--- Input ---
[Start of section]

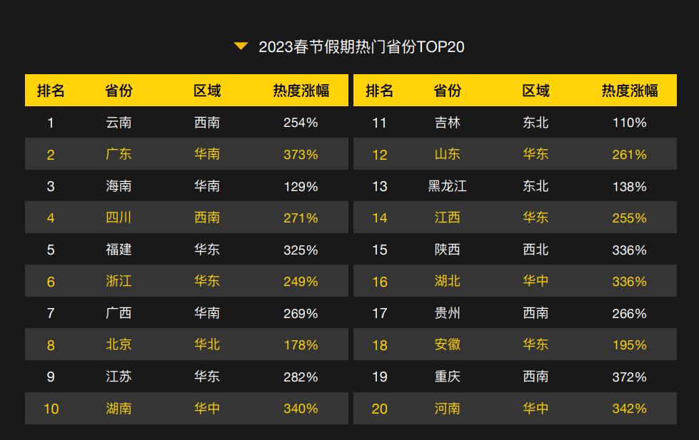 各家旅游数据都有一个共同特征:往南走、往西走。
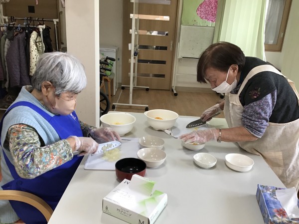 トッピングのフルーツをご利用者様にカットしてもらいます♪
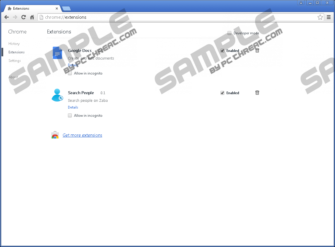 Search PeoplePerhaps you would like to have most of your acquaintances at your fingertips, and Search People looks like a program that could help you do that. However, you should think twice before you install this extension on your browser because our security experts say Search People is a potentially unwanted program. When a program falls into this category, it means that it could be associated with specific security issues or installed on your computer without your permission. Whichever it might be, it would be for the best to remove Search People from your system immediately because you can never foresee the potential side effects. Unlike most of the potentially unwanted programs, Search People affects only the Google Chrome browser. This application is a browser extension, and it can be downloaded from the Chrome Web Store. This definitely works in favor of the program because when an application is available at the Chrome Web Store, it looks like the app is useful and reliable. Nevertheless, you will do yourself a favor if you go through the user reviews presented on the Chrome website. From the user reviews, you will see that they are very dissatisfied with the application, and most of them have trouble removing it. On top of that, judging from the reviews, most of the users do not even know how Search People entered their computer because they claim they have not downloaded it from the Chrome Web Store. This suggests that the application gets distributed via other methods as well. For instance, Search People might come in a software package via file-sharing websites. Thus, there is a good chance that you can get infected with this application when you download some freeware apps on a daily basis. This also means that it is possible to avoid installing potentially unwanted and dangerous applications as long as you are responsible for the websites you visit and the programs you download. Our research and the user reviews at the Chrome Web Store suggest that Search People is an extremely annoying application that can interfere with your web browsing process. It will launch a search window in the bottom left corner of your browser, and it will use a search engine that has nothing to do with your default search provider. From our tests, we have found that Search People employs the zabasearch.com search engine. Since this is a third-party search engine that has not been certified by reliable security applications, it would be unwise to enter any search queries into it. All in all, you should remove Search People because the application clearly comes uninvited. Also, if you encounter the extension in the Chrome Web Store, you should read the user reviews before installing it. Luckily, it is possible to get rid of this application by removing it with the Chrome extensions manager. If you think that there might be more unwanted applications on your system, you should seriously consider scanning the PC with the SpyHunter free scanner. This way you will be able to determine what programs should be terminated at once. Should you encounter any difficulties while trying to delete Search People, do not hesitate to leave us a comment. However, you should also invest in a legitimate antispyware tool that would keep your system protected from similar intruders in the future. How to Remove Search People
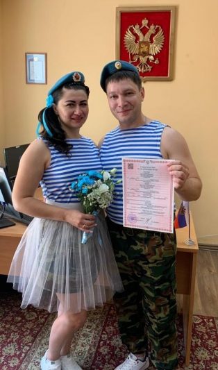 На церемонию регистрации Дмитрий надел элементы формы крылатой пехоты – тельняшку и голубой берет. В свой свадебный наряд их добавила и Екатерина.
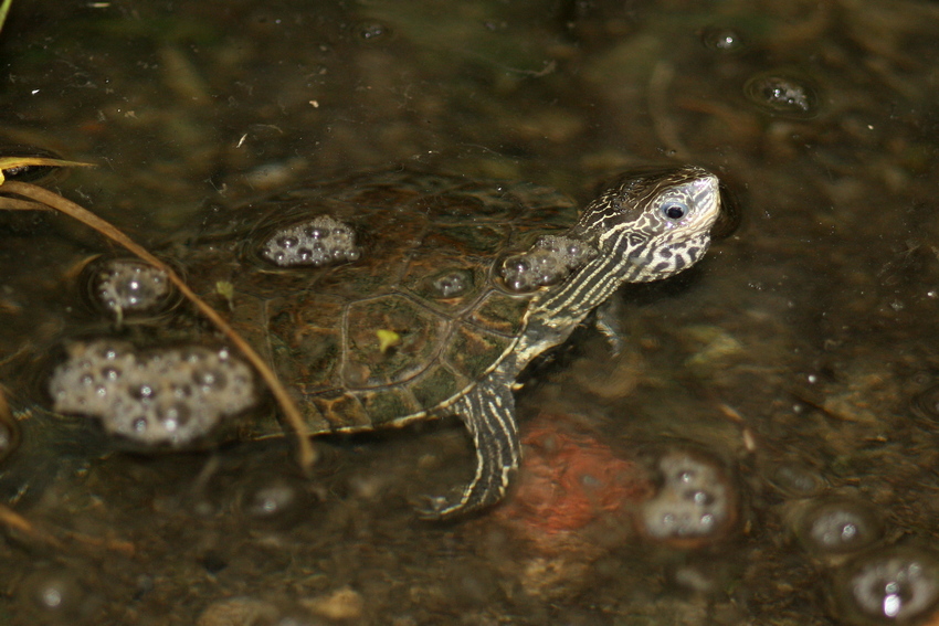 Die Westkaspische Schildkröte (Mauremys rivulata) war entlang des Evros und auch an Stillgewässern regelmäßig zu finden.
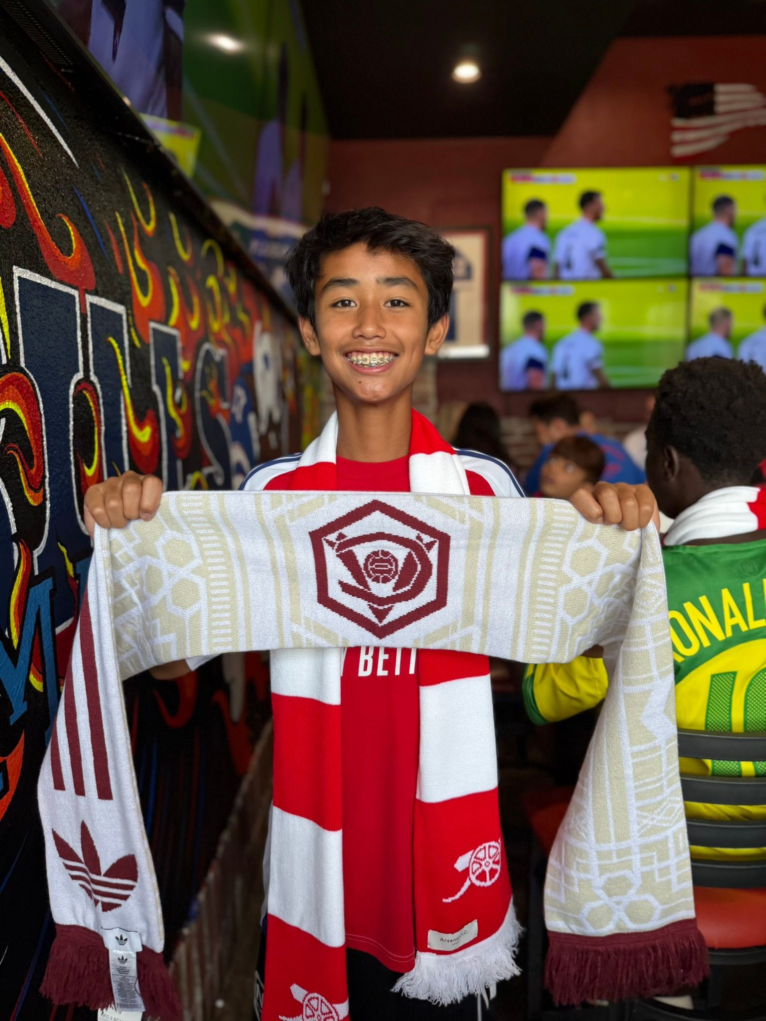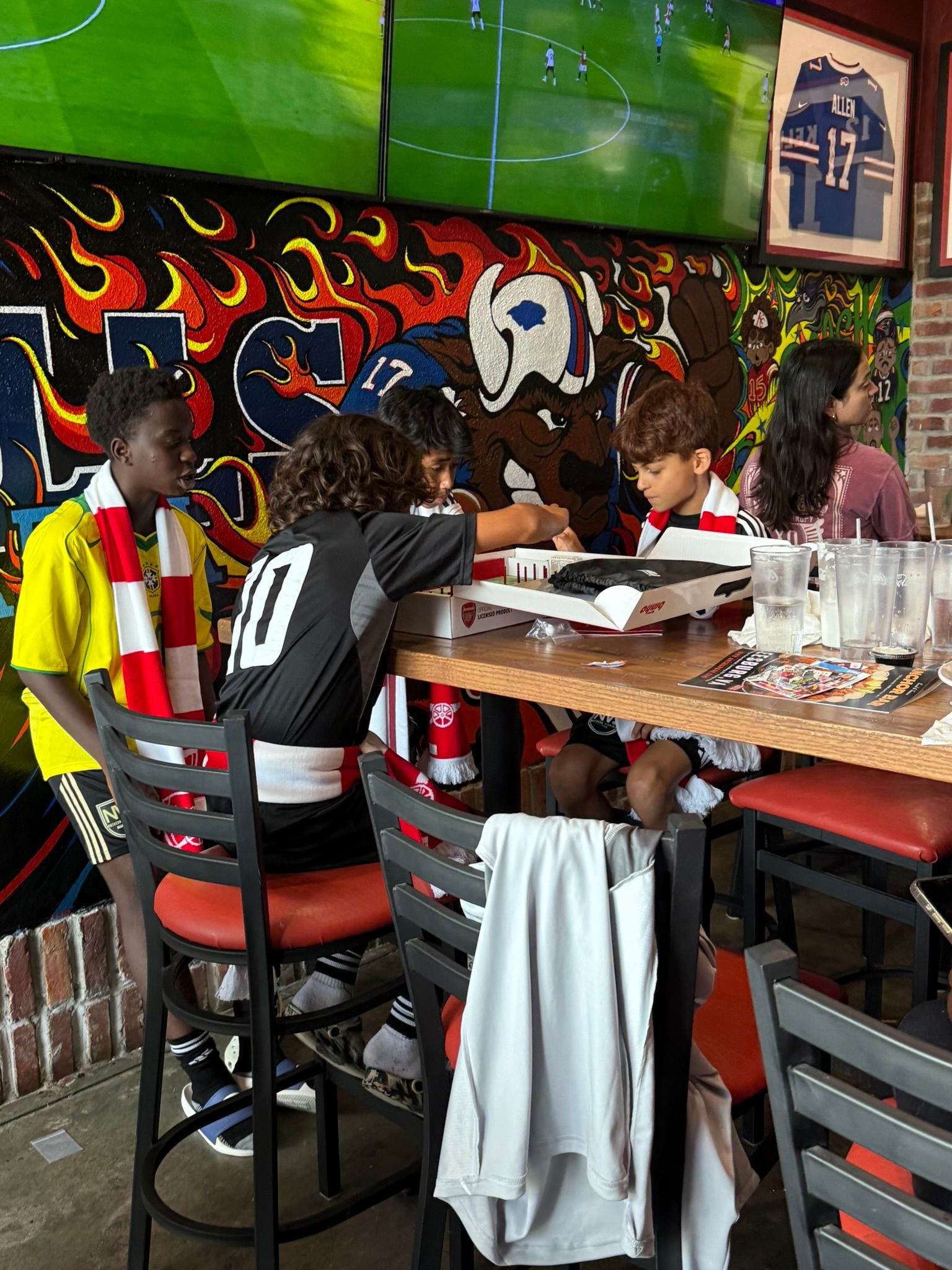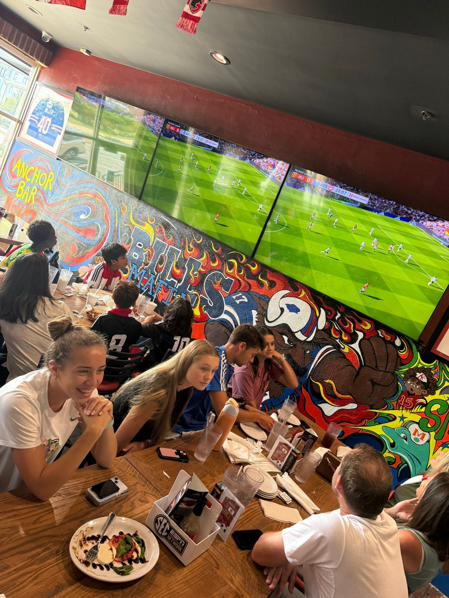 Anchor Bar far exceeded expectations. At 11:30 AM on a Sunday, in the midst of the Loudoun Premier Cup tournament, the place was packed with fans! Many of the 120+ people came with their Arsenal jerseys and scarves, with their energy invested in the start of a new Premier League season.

[End of section]
[Start of section]

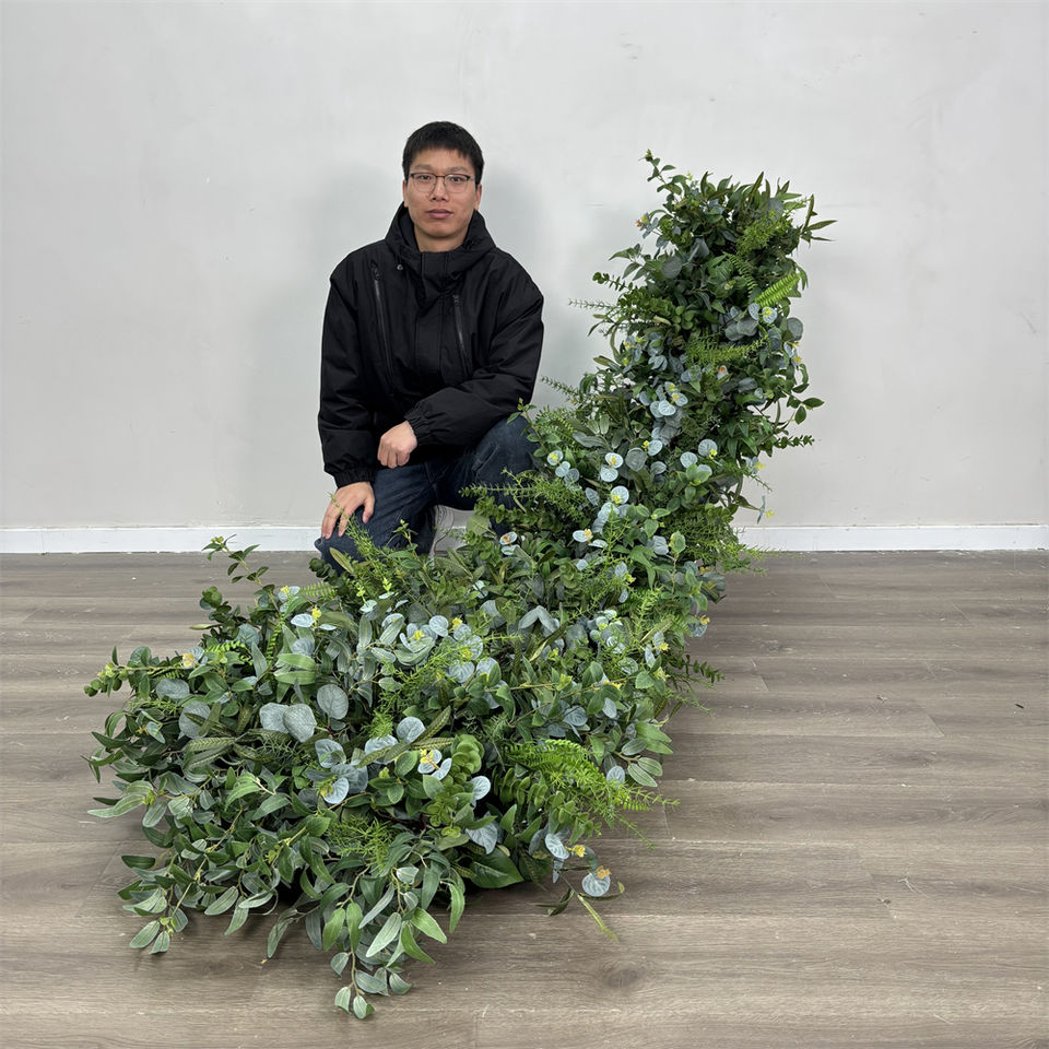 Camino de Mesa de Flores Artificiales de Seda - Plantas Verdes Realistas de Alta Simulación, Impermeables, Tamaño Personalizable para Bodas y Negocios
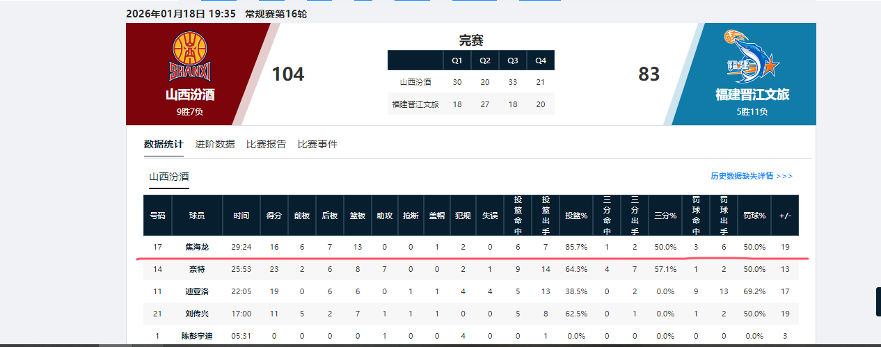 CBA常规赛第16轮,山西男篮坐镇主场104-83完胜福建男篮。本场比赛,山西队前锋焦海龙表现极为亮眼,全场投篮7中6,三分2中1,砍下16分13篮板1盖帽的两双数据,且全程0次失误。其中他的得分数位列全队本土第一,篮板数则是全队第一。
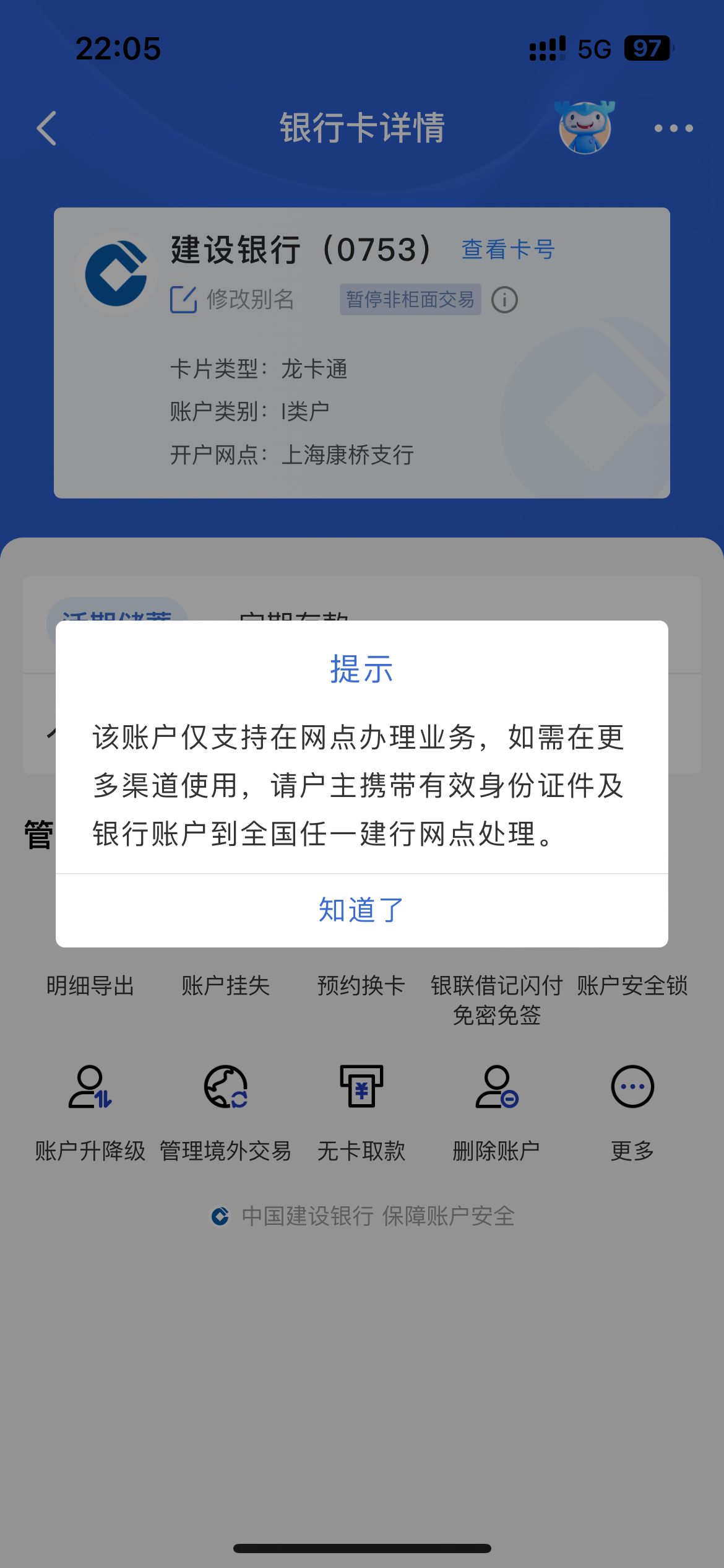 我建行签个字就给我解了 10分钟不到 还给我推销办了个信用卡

[End of section]

--- Exercise prompt ---
How would the lines above read from the one with "Camino de Mesa" to the one with "我建行签个字就给我解了 10分钟不到 还给我推销办了个信用卡", inclusive, with no pictures? Write them out exactly.

--- Written response ---
 Camino de Mesa de Flores Artificiales de Seda - Plantas Verdes Realistas de Alta Simulación, Impermeables, Tamaño Personalizable para Bodas y Negocios
 CBA常规赛第16轮,山西男篮坐镇主场104-83完胜福建男篮。本场比赛,山西队前锋焦海龙表现极为亮眼,全场投篮7中6,三分2中1,砍下16分13篮板1盖帽的两双数据,且全程0次失误。其中他的得分数位列全队本土第一,篮板数则是全队第一。
 我建行签个字就给我解了 10分钟不到 还给我推销办了个信用卡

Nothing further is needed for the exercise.